Could I use that new non-stick aluminum foil in place of a teflon sheet? Just a wild thought. I know it would be a one use thing, but the foil obviously is safe in oven temperatures and for food. Why not for fabric?

I might try it this Monday, but was hoping someone else had already taken the plunge.


----------



## JaeAmera (Dec 25, 2006)

The birth child of an idea is action.

Try it and give us feedback.

One note: make sure it is raw aluminum foil, some foils come with non-stick coating.

Jae


----------



## Tesscinder (Oct 4, 2007)

I'm new to rhinestones but not to heat pressing. I work at home and have a parrot so I don't use teflon. When teflon is heated it can produce a gas that is deadly to birds. I use either parchment paper or just blank copy paper. You can buy parchment paper in the grocery store. We also use it for baking. I reuse it a few times. 

Don't forget when you're pressing a t-shirt to put a piece of paper between the front and back of the shirt to keep glue from going through to the back.

I'm just getting into rhinestones and have gleaned a lot of information from this site. Thanks to all those who so willingly share their knowledge.


----------



## lizziemaxine (Nov 14, 2007)

doctordun said:


> Could I use that new non-stick aluminum foil in place of a teflon sheet? Just a wild thought. I know it would be a one use thing, but the foil obviously is safe in oven temperatures and for food. Why not for fabric?
> 
> I might try it this Monday, but was hoping someone else had already taken the plunge.

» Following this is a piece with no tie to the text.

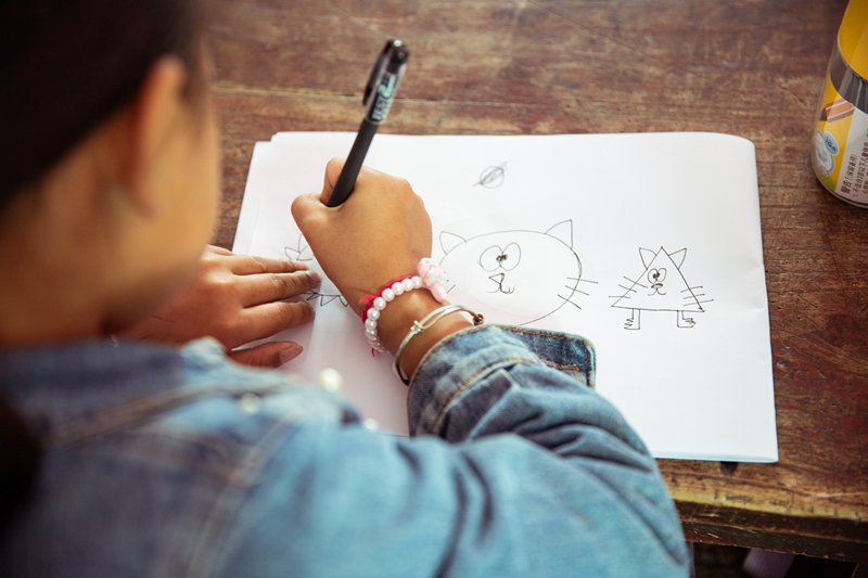 孩子們把自己腦海裏所想的都(dōu)畫在紙張上

Non-stick aluminum has a coating that might not be good for whatever you are pressing onto. 
Parchment paper would be better. Or, you can go to a craft/sewing store and buy an applique pressing sheet to use. It is teflon just a little thinner than what you get from the heat press supply place. It works fine.


----------



## raygold (Aug 13, 2009)

Jane is correct I have used applique pressing sheets for a long time they do the same job and are a third of the price.

Allan


----------



## daffynmark (May 17, 2009)

I use parchment paper, the kind you bake with. I can reuse the same sheet numerous times, have no problem with sticking, it's heat resistant and cheap. I think I have used 2 pieces in 6 months.


----------